In Hartshorne's proof of proposition II 6.7, there is a point that I don't really understand, and I couldn't find any clarification online. My question may be trivial, but getting an answer to it would be a great enlightenment to me. Here is the statement.
Let $X$ be a nonsingular curve over [an algebraically closed field] $k$ with function field $K$. Then the following are equivalent:
(i) $X$ is projective;
(ii) $X$ is complete;
(iii) $X$ is isomorphic to $t(C_K)$, where $C_K$ is the abstract nonsingular curve of (I,§6), and $t$ is the functor from varietes to schemes of (2.6).

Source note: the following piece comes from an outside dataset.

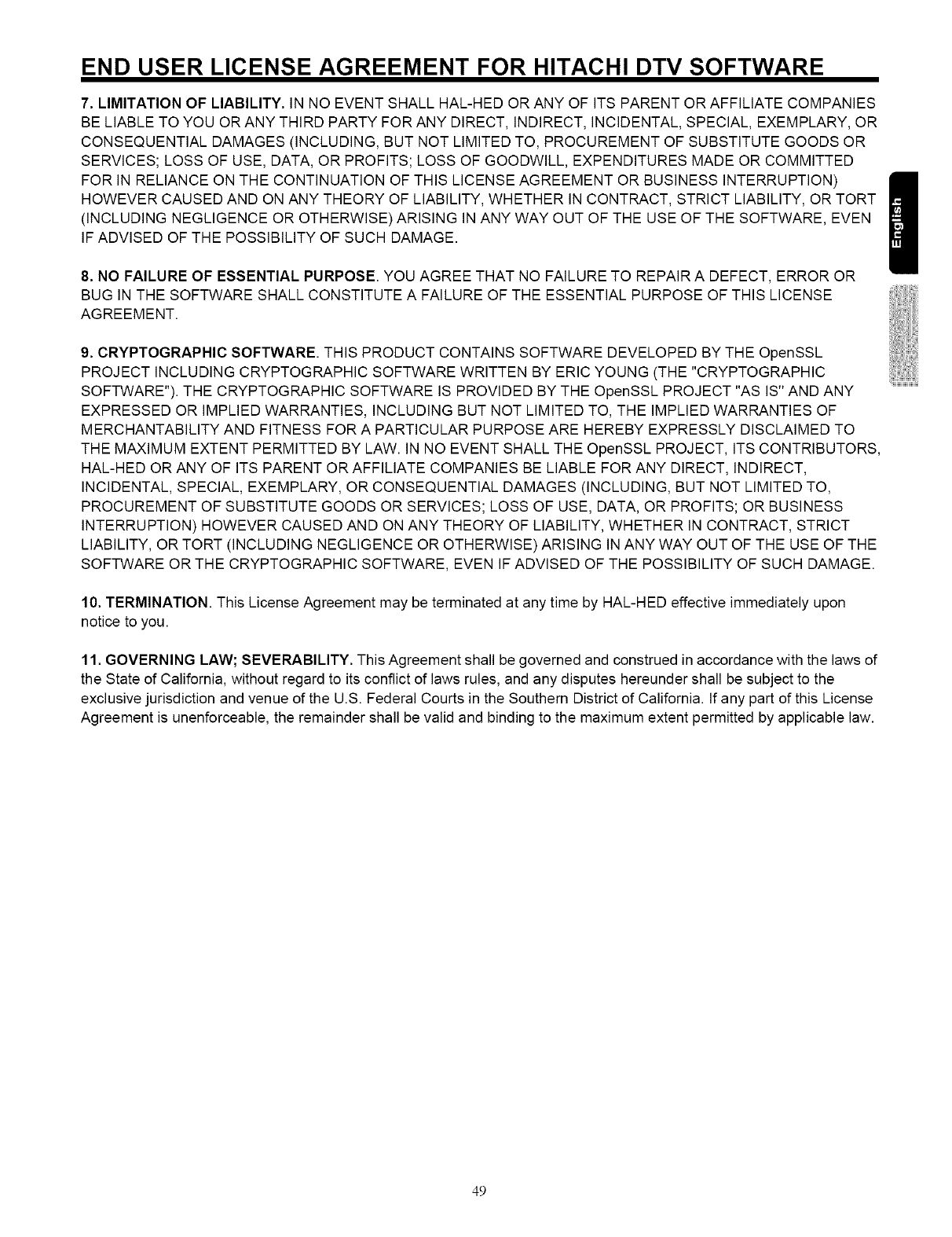 END USER LICENSE AGREEMENT FOR HITACHI DTV SOFTWARE

Recall also that Hartshorne just defined curves over $k$ to be integral separated schemes of finite type over $k$, of dimension one. Such a curve is said to be nonsingular if all its local rings are regular.
The point I don't understand lies in the proof of $(ii) \rightarrow (iii)$. It is written that the closed points of $X$ are in $1-1$ correspondence with the discrete valuation rings of $K/k$.
While I agree that all local rings at closed points are discrete valuation rings of $K/k$, why would this only concern closed points? Given that all local rings are assumed to be regular, I don't see any reason why only those at closed points are discrete valuation rings of $K/k$.
Does this have something to do with the fact that closed points are exactly those with residue field isomorphic to $k$?
I thank you in advance for your clarifications.